Ф. Скотт Фицджеральд
Ранний успех


В этом же месяце, ровно семнадцать лет назад, я уволился с работы – или, как говорят, «отошел от дел». С меня было довольно; пусть «Рекламное агентство городских трамвайных линий» движется себе дальше, но уже без меня. Уволился я, накопив не капитал, а одни лишь обязанности: долги, отчаяние, разорванную помолвку; я подался домой, в Сент-Пол, чтобы там закончить роман.

Этот роман, который я начал в военной академии ближе к концу войны, был моим «тузом в рукаве». Я его забросил, найдя работу в Нью-Йорке, но всю ту несчастную весну он продолжал постоянно напоминать себе – совсем как дырявая картонная подошва в башмаке. Совсем как лиса, гусь и мешок бобов: бросив работу и не завершив его, я терял невесту.

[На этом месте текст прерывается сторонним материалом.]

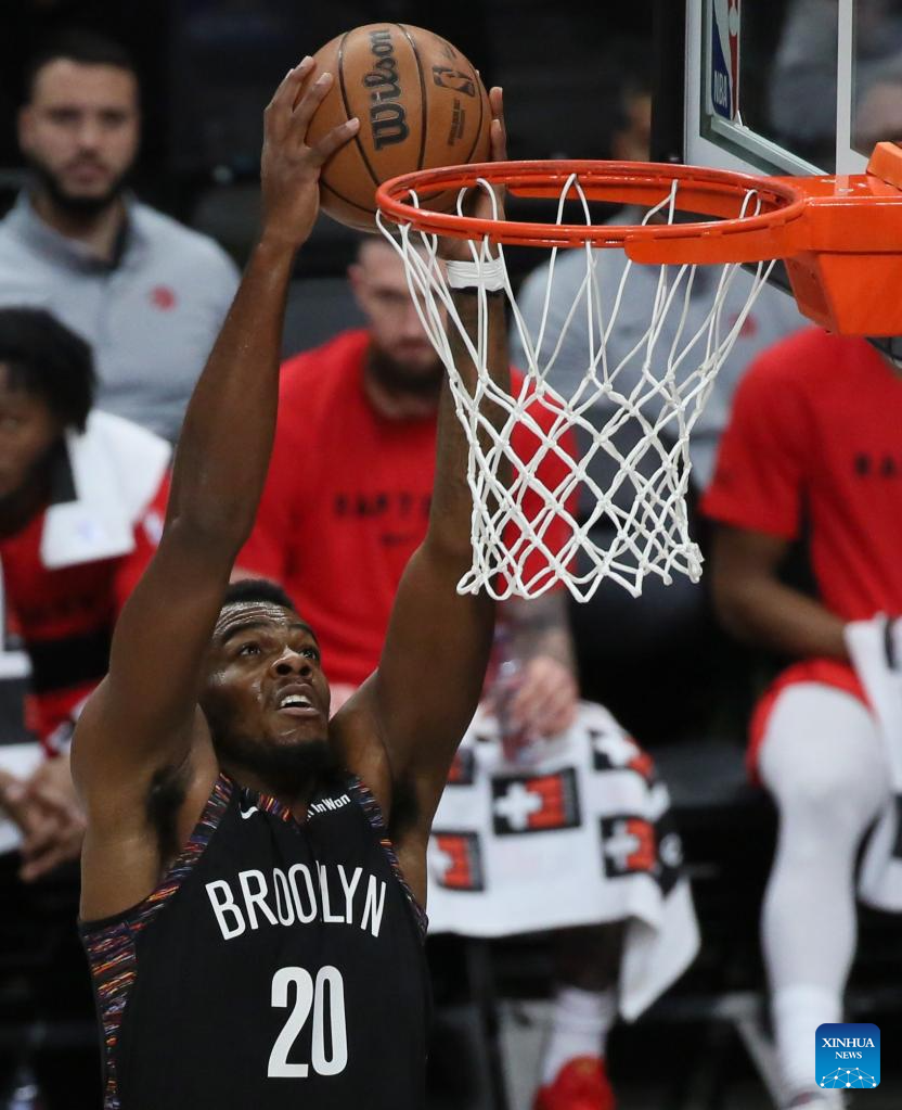 Day'Ron Sharpe of Brooklyn Nets goes for the basket during the 2025-2026 NBA regular season game between Brooklyn Nets and Toronto Raptors in New York, the United States, Dec. 21, 2025. (Xinhua/Zhang Fengguo)

Вот почему через силу я продолжал заниматься за жалованье делом, которое презирал, и потихоньку из меня испарилась вся уверенность, накопленная за годы учебы в Принстоне и за время моей вальяжной армейской карьеры, где я добился звания наихудшего адьютанта во всей армии. Потерянный и всеми забытый, я торопливым шагом покидал и ломбард, где заложил свой полевой бинокль, и состоятельных приятелей, с которыми случайно сталкивался, надев свой ещё довоенный костюм, и рестораны, где оставлял на чай последний пятицентовик, и шумные и жизнерадостные конторы, в которых приберегали места для своих парней, которые возвращались с войны. В руках монетки по пять и десять центов. Может, наберется на доллар? Да, почти, если бы не потратился на пару почтовых марок… А когда у тебя даже доллара нет, всё вокруг становится другим, люди становятся другими, и даже еда кажется другой на вкус!

И когда в одном журнале приняли к публикации мой первый рассказ, я тоже не слишком-то обрадовался. «Голландец» Маунт и я сидели друг напротив друга в конторе рекламного агентства трамвайных линий, и нам с ним одновременно принесли письма из старого доброго «Смарт Сет» с извещениями о том, что рукописи приняты к публикации.

– Мне прислали чек на тридцать долларов, а тебе?

– На тридцать пять.

Угнетало то, что принятый рассказ был написан в университете два года назад, а дюжина новых не удостоилась даже личных писем с отказами. Для меня это значило, что в свои двадцать два я уже несусь под уклон. Тридцать долларов я потратил на алый веер из перьев, который послал своей невесте в Алабаму.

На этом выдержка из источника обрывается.